A 41-year-old White Chicago police officer was indicted last week on two counts of violating the federal civil rights of six Black teens in a stolen vehicle after he allegedly used unreasonable force during a 2013 traffic stop, writes The Huffington Post.

The indictment of officer Marco Proano, who was captured on a squad car’s dashcam, was handed down Thursday. The charges reportedly mark the first time in decades that a Chicago police officer has been brought up on federal civil rights charges in the shooting of a civilian, notes The Chicago Reporter.

The indictment stems from an incident captured on a squad car’s dashcam on December 22, 2013 after another patrol car pulled the teens over for speeding, the report says. When Proano, who is White, arrived on the scene, he is seen on the video, exiting his squad car with his gun drawn and pointed toward the carload of kids, writes the news outlet.

The video, released last year by a retired judge who had handled a criminal trial involving one of the teenagers, then reportedly shows Proano firing his weapon as the vehicle reverses away from him and races away from the scene. He then fires multiple times as the vehicle skids sideways and finally crashes into a street light a few feet away. The car was reportedly stolen, the report says.

A police statement at the time of the shooting said Proano reacted out of fear that the “occupants who had been in the vehicle were in a position to sustain great bodily harm,” writes The Associated Press. A weapon, family members of one of the teens described as a pellet gun, was recovered from the vehicle, but was never visible and was never brandished, writes The AP.

The shooting resulted in a lawsuit filed by the moms of three of the injured teens in the car and it was settled by the city for $360,000, according to The AP:

One of the three teens wasn’t shot but was taken to the ground by an officer and his right eye was injured, according to the lawsuit. The city and the Chicago Police Department secured from a judge a protective order to keep the video from being released by any of the parties in the civil case.

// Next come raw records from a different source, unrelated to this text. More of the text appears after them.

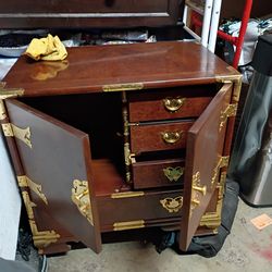 1970 chinoiserie burl wood cabinet W brass mounts and side handles$900Portland, OR
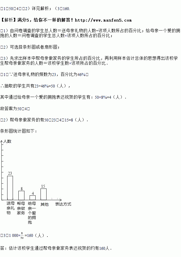 (1)本次问卷调查抽取的学生共有 人,其中通过给母亲一个爱的拥抱表达祝贺的学生有 人.
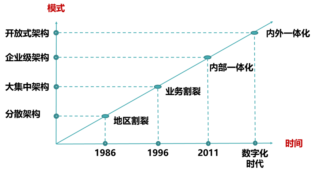 以国内银行为例,其在架构方面的发展历程如下:
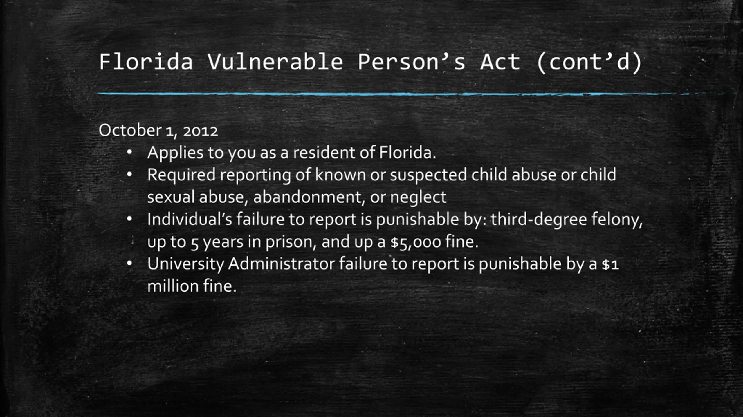 Florida Vulnerable Persons Act (contd) October 1, 2012 Applies to you as a resident of Florida. Required reporting of known or suspected child abuse or child sexual abuse, abandonment, or neglect Individual s failure to report is punishable by: third-degree felony, up to 5 years in prison, and up a $5,000 fine. University Administrator failure to report is punishable by a $1 million fine.
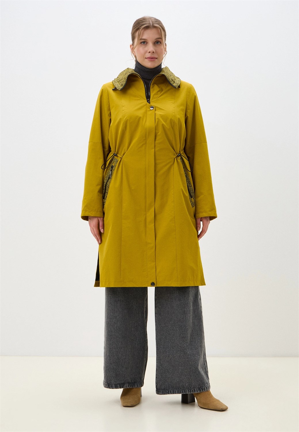 Плащ выполнен из смесового материала с текстильной подкладкой. Детали: застежка на молнии и кнопки, отложной воротник, 2 боковых кармана, регулируемая кулиска на талии.
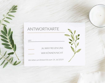 Die floralen Elemente verleihen der Kreation eine. Muster für eine Antwortkarte Lesezeit < 1 Minute Dieses Muster für eine Antwortkarte können Sie für die verschiedensten Gelegenheiten verwenden, vom Firmenjubiläum bis zur Hochzeit Der Vorteil eines Antwortvordrucks Sie erhalten übersichtlich alle Informationen, die Sie benötigen Und für die geladenen Gäste ist eine vorgedruckte Antwort einfach sehr bequem. Die Antwort muss von Ihren Freunden auf der Karte "Romantic Vintage" nur noch angekreuzt und an Sie zurückgeschickt werden.
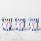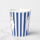 Geben Sie Ihrer Bridal Shower mit diesen personalisierten Papiertassen eine maritime Note. Sie zeigen meine handgezeichnete, realistische Illustration einer roten Languste mit Ihrem individuellen Text in Blau. Der gesamte Text ist für Ihre persönliche Note vorbereitet, einschließlich des Slogans "Sie hat ihren Hummer gefunden" oben. Der Text und das Grafikdesign sind in einem runden, gewellten Rahmen mit einem Bandlook und einer roten Schleife oben angeordnet, der vor einem blau-weiß gestreiften Hintergrund steht. Das Text- und Grafikdesign erscheint auf beiden Seiten des Bechers.
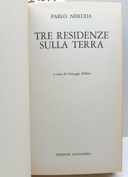 Neruda Tre residenze sulla terra Ed. Accademia 3∞ ed. 1971
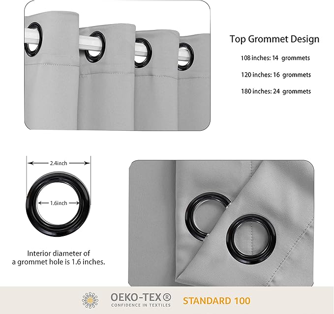 - WHAT'S IN THE PACKAGE? Each set includes 1 curtain panel, and each window drape measures 96-inch (8 ft) length by 108-inch (9 ft) width. 14 elegant metal grommets with 1.6-inch inner diameter, fit well with standard or decorative curtain rods, which makes the curtains easy to install and slide.

But that order did not prohibit former Cook County Judge Andrew Berman, who had presided over the trial of one of the teens, from releasing the video. After the trial in which the teenager was acquitted of possession of a stolen vehicle and a misdemeanor criminal trespass to a vehicle, Berman released the video.

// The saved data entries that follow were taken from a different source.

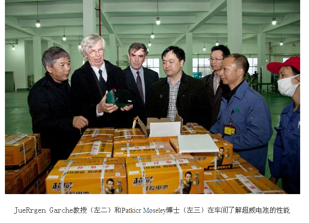 20日上午,JueRrgen Garche教授一行一到長興,便徑直驅車趕到超威眾成公司實地考察。在集團技術顧問、福州大學博士生導師郭永榔教授和超威研究院副院長柯克博士的陪同下,兩位國際行業專家仔細查看了眾成公司的生產流水線,對超威鉛酸動力電池的制造技術和研發水平給予了高度贊賞,認為超威在動力電池研發制造的某些方面已經趕超世界先進水平。
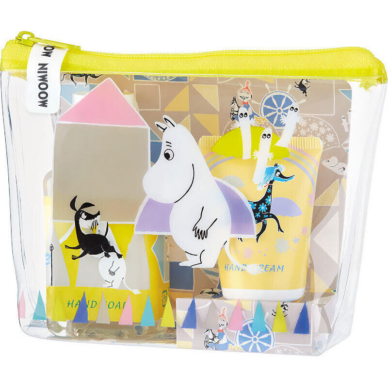 ムーミン谷の仲間たちが描かれたクリアポーチに、ミニサイズのハンドソープとハンドクリームが入ったセット。
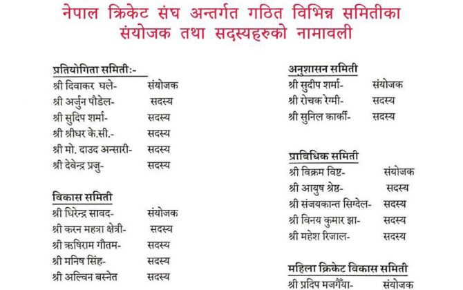 पुरा पढ्नुहोसकाठमाडौँ । नेपाल क्रिकेट संघ (क्यान) ले विभिन्न समिति गठन गरेको छ । क्यानले दुई बर्ष कार्यकाल रहेका पाँच समिति गठन गरेको हो ।क्यानले दिवाकर घलेको संयोजकत्वमा प्रतियोगिता समिति, सुदीप शर्माको संयोजकत्वमा अनुशासन समिति,
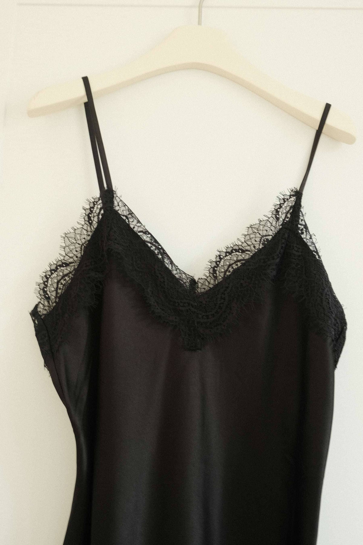 Zwarte satijnen jurk van Noella. De jurk heeft dunne, verstelbare bandjes, kanten details en een asymmetrische zoom die tot aan de knie reikt.

He turned the video over to the Chicago Reporter magazine in June 2015, telling The Associated Press at the time that he did so because the video “just showed a reckless and callous disregard for human life by somebody who is sworn to serve and protect.”

The parents claimed that Proano, who had been involved in a fatal shooting back in 2011 involving a Black man, fired “without provocation, cause or justification of any kind,” writes The Huffington Post.

Proano, whose charges are punishable by up to 10 years in prison, has been reassigned to desk duty during the ongoing investigation, notes The AP.